» **TASK BRIEF**
Please write out the whole listing that follows exactly; the pictures stay out.

++++++++++

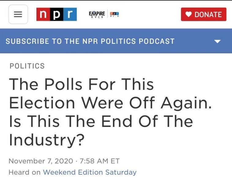 △美国国家公共广播电台11月7日发表评论《大选民意调查再次给出错误预判,这是民调业的终结吗?》,直指各大民调机构错误估计了真实民意,并探讨了背后原因。
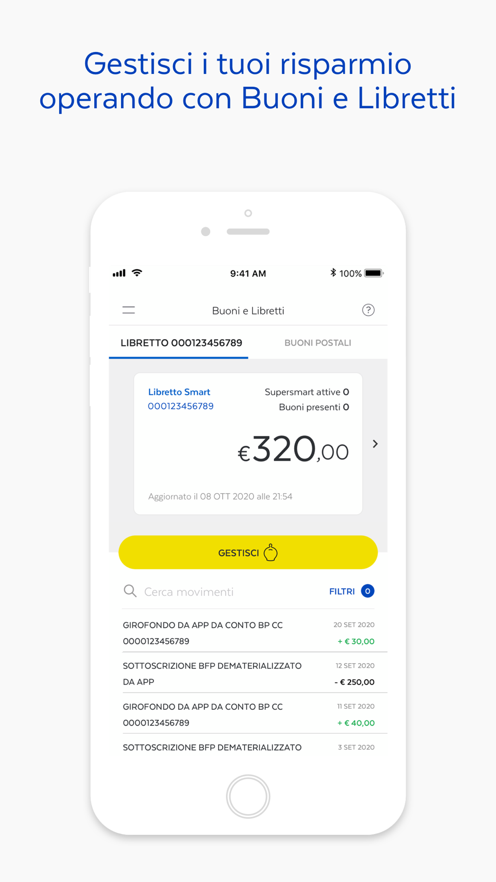 • Saldo e lista movimenti del Libretto Smart e Ordinario (quest’ultimo se abilitato online)
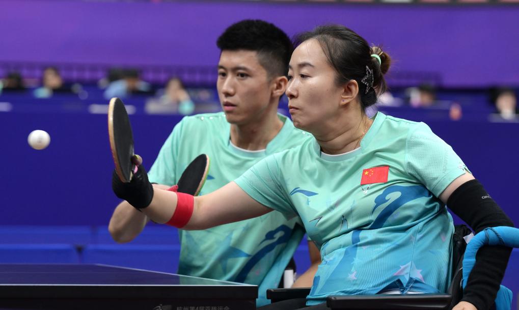 圖為2023年10月26日,毛淋(前)和隊友翟翔在杭州第4屆亞殘運會乒乓球混合雙打4級B組的比賽中。新華社記者 李賀 攝
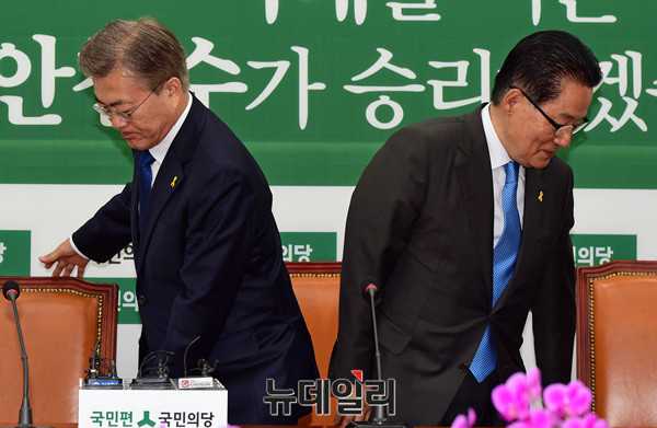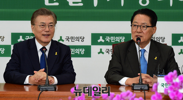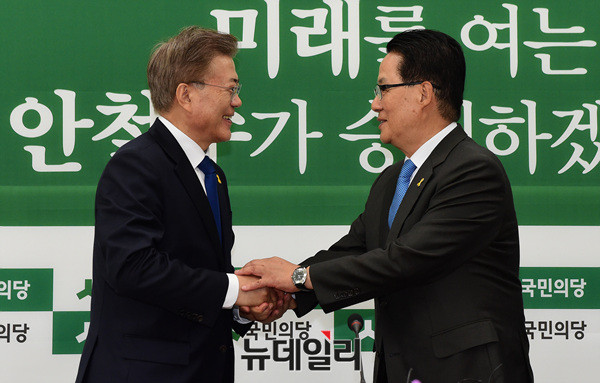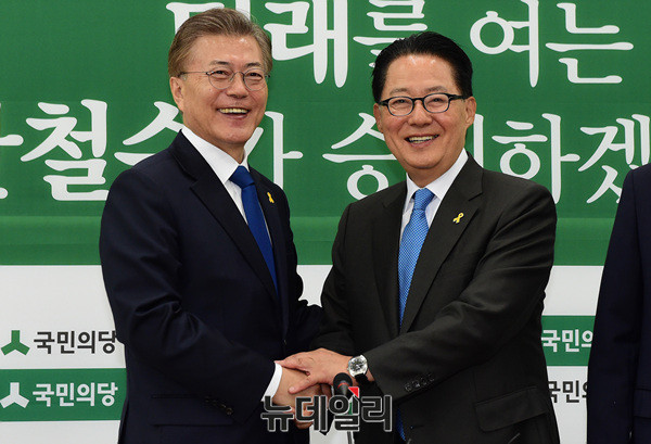 제19대 대통령에 취임한 문재인 대통령이 10일 오전 국회 국민의당 대표실에서 박지원 대표와 악수를 나누고 있다. 이후 문 대통령은 청와대 춘추관에서 국무총리, 국정원장, 비서실장, 경호실장 인선을 발표했다. (사진=공동취재단)
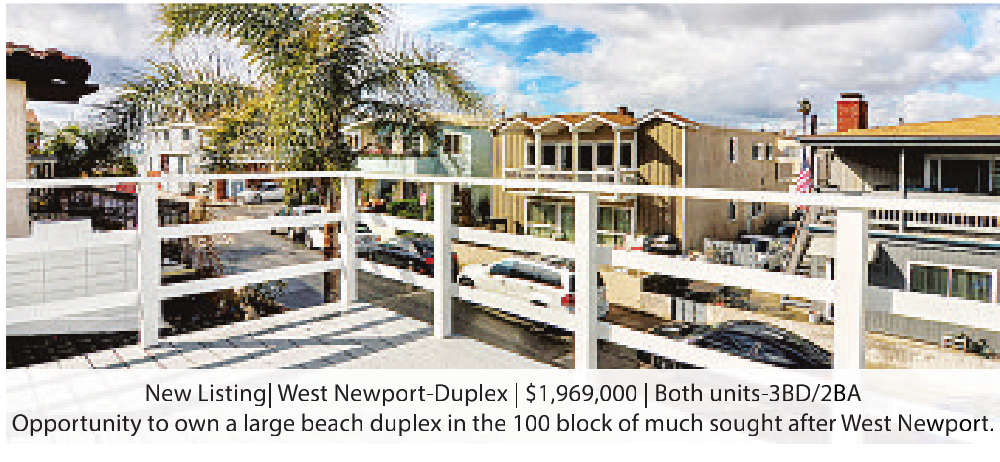 New Listing| West Newport-Duplex | $1,969,000 | Both units-3BD/2BA Opportunity to own a large beach duplex in the 100 block of much sought after West Newport.
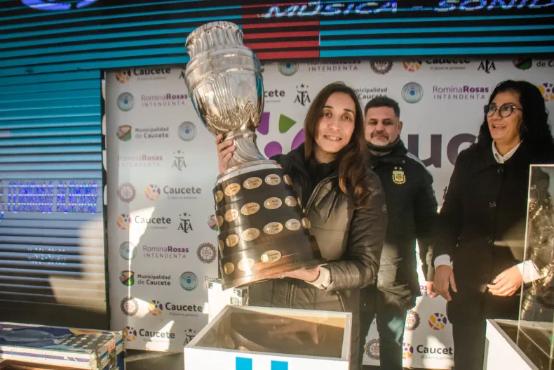 La intendenta Romina Rosas, visiblemente emocionada, agradeció a la AFA y a Claudio "Chiqui" Tapia por la oportunidad de recibir a las copas en su ciudad. "Nuestro corazón caucetero les agradece profundamente. Hoy, gracias a la AFA, tenemos la posibilidad de tener estas copas en nuestra casa", concluyó Rosas.
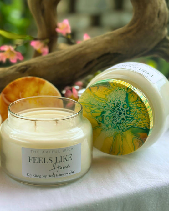 This signature line brings together an ever-evolving palette of fragrances with one-of-a-kind, hand-painted lids—turning each candle into a sensory keepsake. With clean white wax and vibrant, fluid art tops, every piece in The Artful Collection is uniquely yours, even before you light the flame.
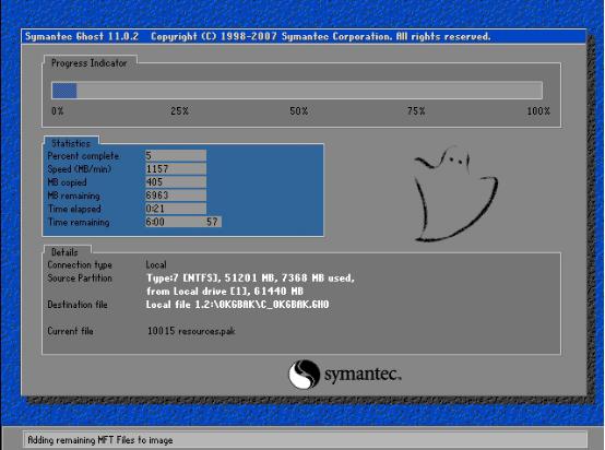 4、最后就是系統備份的詳細過程,備份過程當中我們只需靜靜等待備份完成即可,如圖所示:
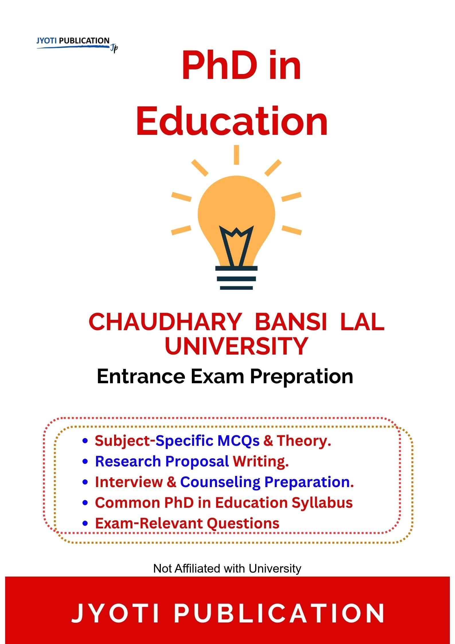 Chaudhary Bansi Lal University PhD in Education Entrance Entrance Exam Preparation Guide is an independently developed study resource created to support aspirants preparing for the PhD in Education Entrance entrance examination conducted by Chaudhary Bansi Lal University. The book is designed to help candidates understand concepts clearly, practise exam-oriented questions, and prepare in a structured and efficient manner.
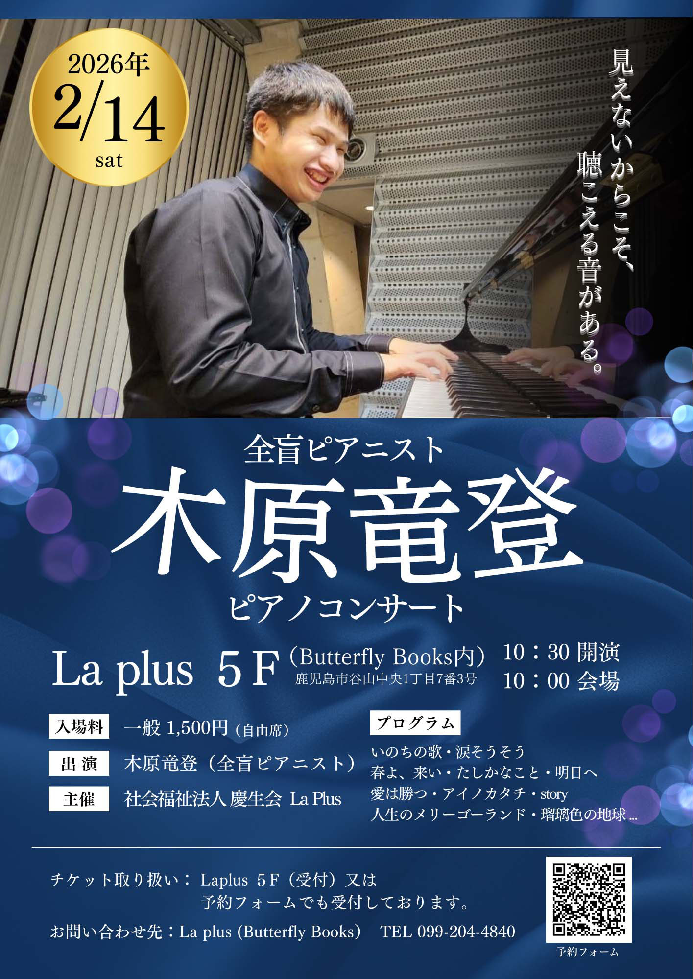 2026年2月14日(土)全盲ピアニスト 木原竜登(きはら たつと) さんによるピアノコンサートを開催します。
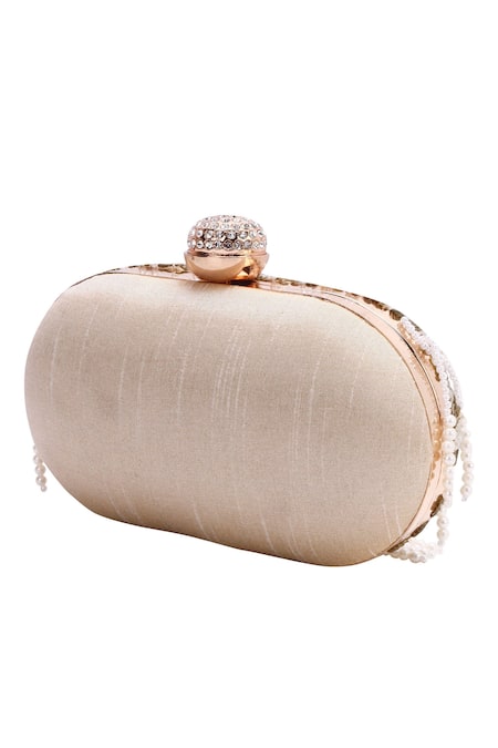 Gold Sequins, Pearls, Rhinestones, Beads And Embellished Clutch
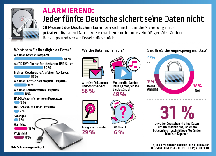 20 Prozent der Deutschen kümmern sich nicht um die Sicherung ihrer privaten digitalen Daten. Bei einer aktuellen repräsentativen Umfrage gaben 12 Prozent der Befragten an, dass sie ihre Daten nicht sichern. Weitere 8 Prozent wussten es nicht.
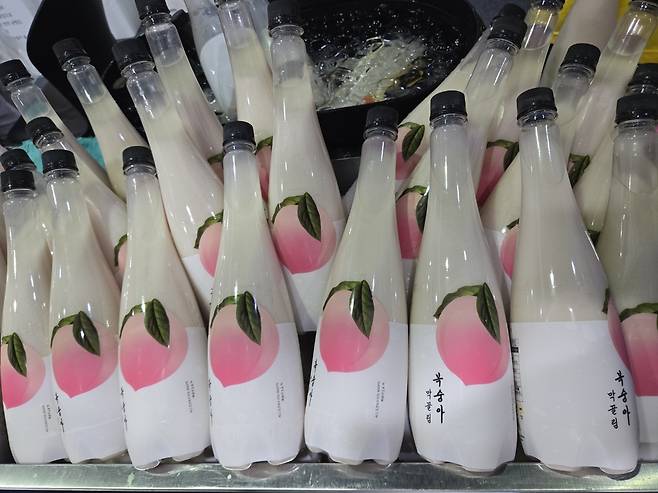막걸리 별산과 유톡자톡 등으로 막걸리 마니아들 사이에서 입소문을 타고 있는 양주도가가 ‘복숭아 막끌림’이라는 신상 막걸리를 가지고 출품했다. ‘복숭아 막끌림’는 복숭아 속살처럼 뽀얀 빛깔과 상큼하고 달달한 풍미가 돋보이는 막걸리다. 뚜껑을 따고 잔에 따르면 생그러운 복숭아 향이 은은하게 퍼진다. 입 안에 머금으면 복숭아의 풍미와 단맛이 꽉 차오르고 쌀의 보드라운 질감이 느껴진다. 김민아 “복숭아의 달콤한 향을 제대로 담아낸 히트상품”이라며 “디자인부터 첫맛 끝맛까지 섬세한 터치가 느껴진다”도 설명했다.
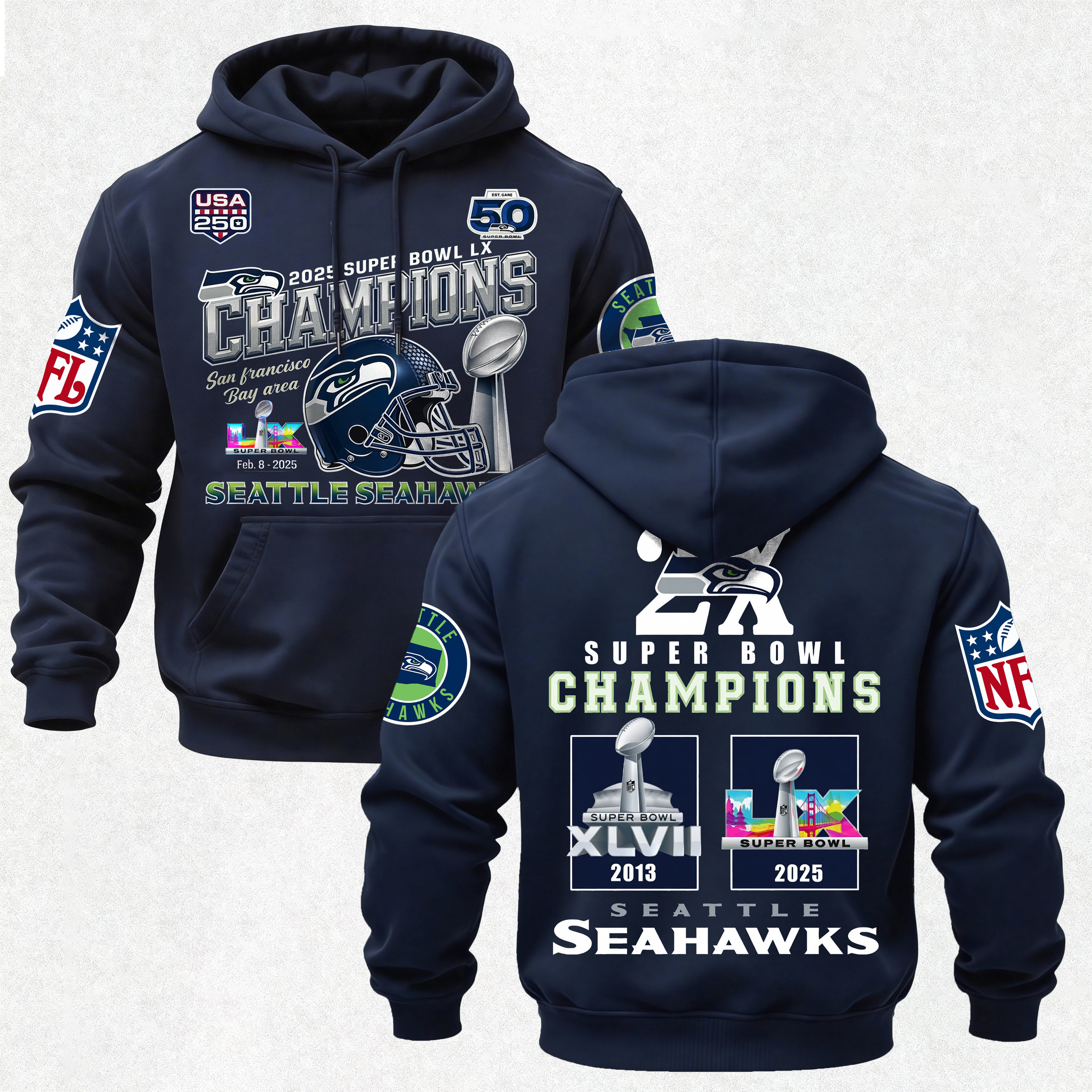 Super Bowl LX Seattle Seahawks Printed Fleece-lined Unisex Hoodie
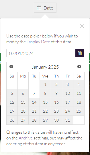 - Select the new Display Date using the calendar, or enter the date in DD/MM/YYYY format.
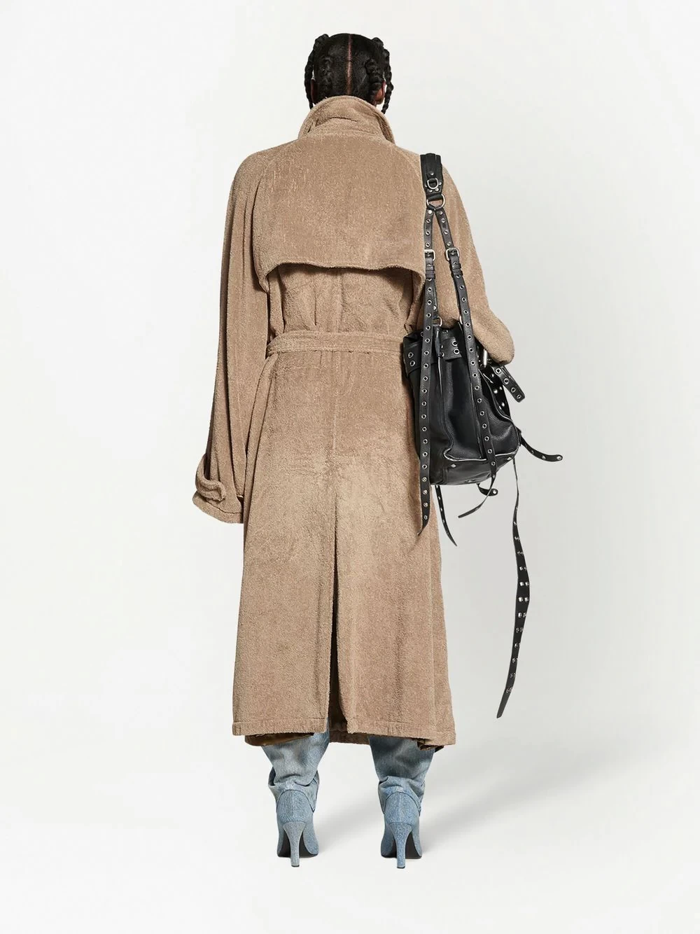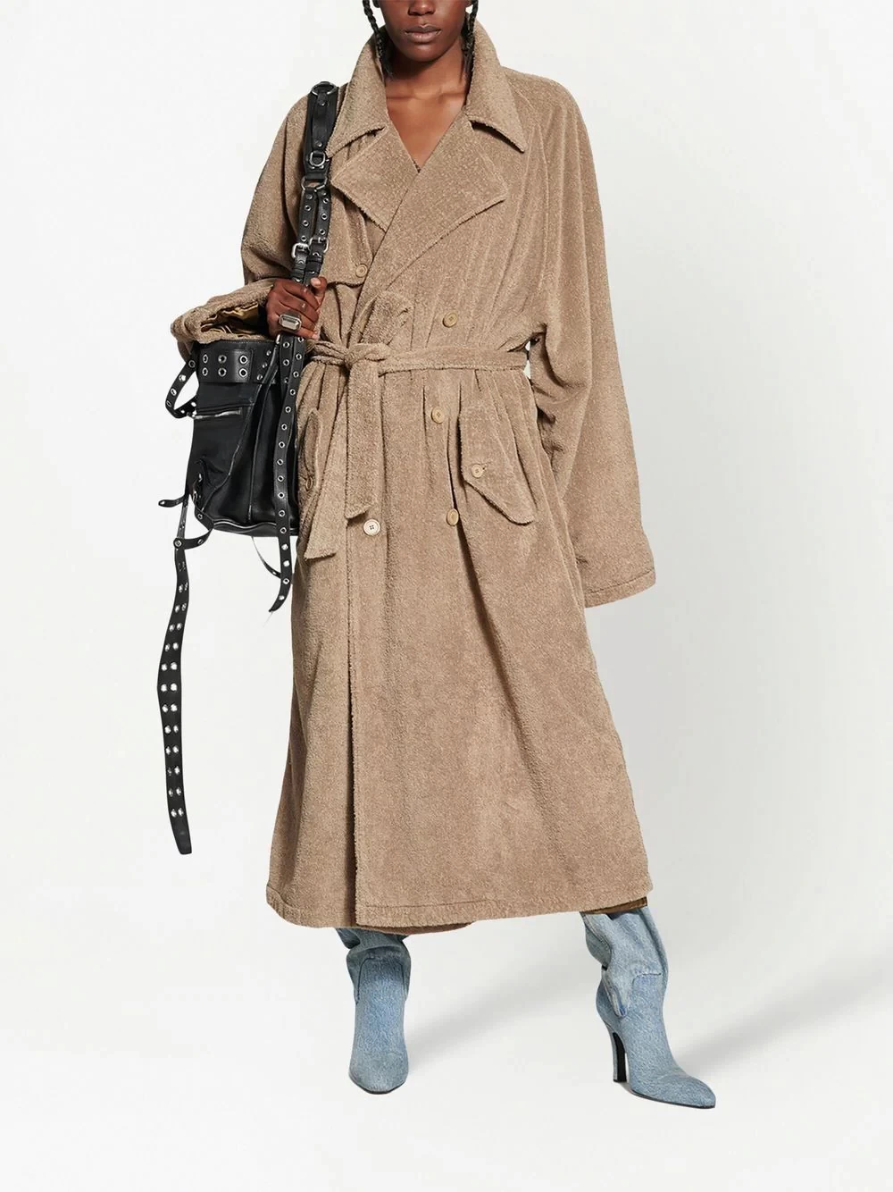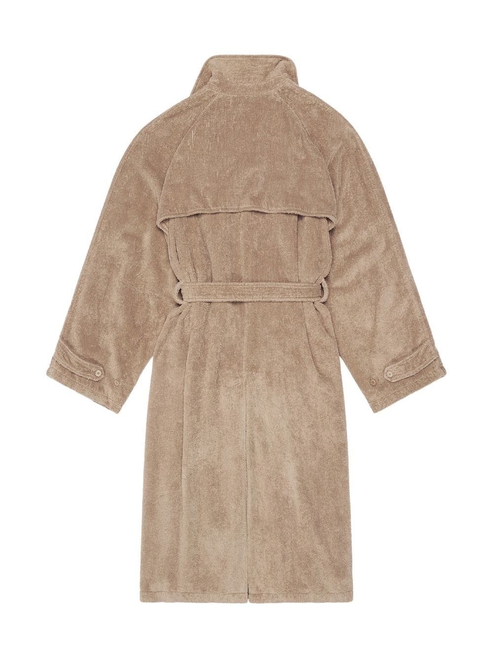 sand beige cotton towelling finish notched lapels storm flap double-breasted button fastening belted waist two side flap pockets long raglan sleeves central rear vent Conscious: We've partnered with Good On You – an ethical agency that rates how sustainably brands perform. This item comes from a brand that performs well in relation to their impact on the planet.

++++++++++

» **COMPLETED EXERCISE**
 △美国国家公共广播电台11月7日发表评论《大选民意调查再次给出错误预判,这是民调业的终结吗?》,直指各大民调机构错误估计了真实民意,并探讨了背后原因。
 • Saldo e lista movimenti del Libretto Smart e Ordinario (quest’ultimo se abilitato online)
 圖為2023年10月26日,毛淋(前)和隊友翟翔在杭州第4屆亞殘運會乒乓球混合雙打4級B組的比賽中。新華社記者 李賀 攝
 제19대 대통령에 취임한 문재인 대통령이 10일 오전 국회 국민의당 대표실에서 박지원 대표와 악수를 나누고 있다. 이후 문 대통령은 청와대 춘추관에서 국무총리, 국정원장, 비서실장, 경호실장 인선을 발표했다. (사진=공동취재단)
 New Listing| West Newport-Duplex | $1,969,000 | Both units-3BD/2BA Opportunity to own a large beach duplex in the 100 block of much sought after West Newport.
 La intendenta Romina Rosas, visiblemente emocionada, agradeció a la AFA y a Claudio "Chiqui" Tapia por la oportunidad de recibir a las copas en su ciudad. "Nuestro corazón caucetero les agradece profundamente. Hoy, gracias a la AFA, tenemos la posibilidad de tener estas copas en nuestra casa", concluyó Rosas.
 This signature line brings together an ever-evolving palette of fragrances with one-of-a-kind, hand-painted lids—turning each candle into a sensory keepsake. With clean white wax and vibrant, fluid art tops, every piece in The Artful Collection is uniquely yours, even before you light the flame.
 4、最后就是系統備份的詳細過程,備份過程當中我們只需靜靜等待備份完成即可,如圖所示:
 Chaudhary Bansi Lal University PhD in Education Entrance Entrance Exam Preparation Guide is an independently developed study resource created to support aspirants preparing for the PhD in Education Entrance entrance examination conducted by Chaudhary Bansi Lal University. The book is designed to help candidates understand concepts clearly, practise exam-oriented questions, and prepare in a structured and efficient manner.
 2026年2月14日(土)全盲ピアニスト 木原竜登(きはら たつと) さんによるピアノコンサートを開催します。
 Gold Sequins, Pearls, Rhinestones, Beads And Embellished Clutch
 20 Prozent der Deutschen kümmern sich nicht um die Sicherung ihrer privaten digitalen Daten. Bei einer aktuellen repräsentativen Umfrage gaben 12 Prozent der Befragten an, dass sie ihre Daten nicht sichern. Weitere 8 Prozent wussten es nicht.
막걸리 별산과 유톡자톡 등으로 막걸리 마니아들 사이에서 입소문을 타고 있는 양주도가가 ‘복숭아 막끌림’이라는 신상 막걸리를 가지고 출품했다. ‘복숭아 막끌림’는 복숭아 속살처럼 뽀얀 빛깔과 상큼하고 달달한 풍미가 돋보이는 막걸리다. 뚜껑을 따고 잔에 따르면 생그러운 복숭아 향이 은은하게 퍼진다. 입 안에 머금으면 복숭아의 풍미와 단맛이 꽉 차오르고 쌀의 보드라운 질감이 느껴진다. 김민아 “복숭아의 달콤한 향을 제대로 담아낸 히트상품”이라며 “디자인부터 첫맛 끝맛까지 섬세한 터치가 느껴진다”도 설명했다.
 Super Bowl LX Seattle Seahawks Printed Fleece-lined Unisex Hoodie
 - Select the new Display Date using the calendar, or enter the date in DD/MM/YYYY format.
 sand beige cotton towelling finish notched lapels storm flap double-breasted button fastening belted waist two side flap pockets long raglan sleeves central rear vent Conscious: We've partnered with Good On You – an ethical agency that rates how sustainably brands perform. This item comes from a brand that performs well in relation to their impact on the planet.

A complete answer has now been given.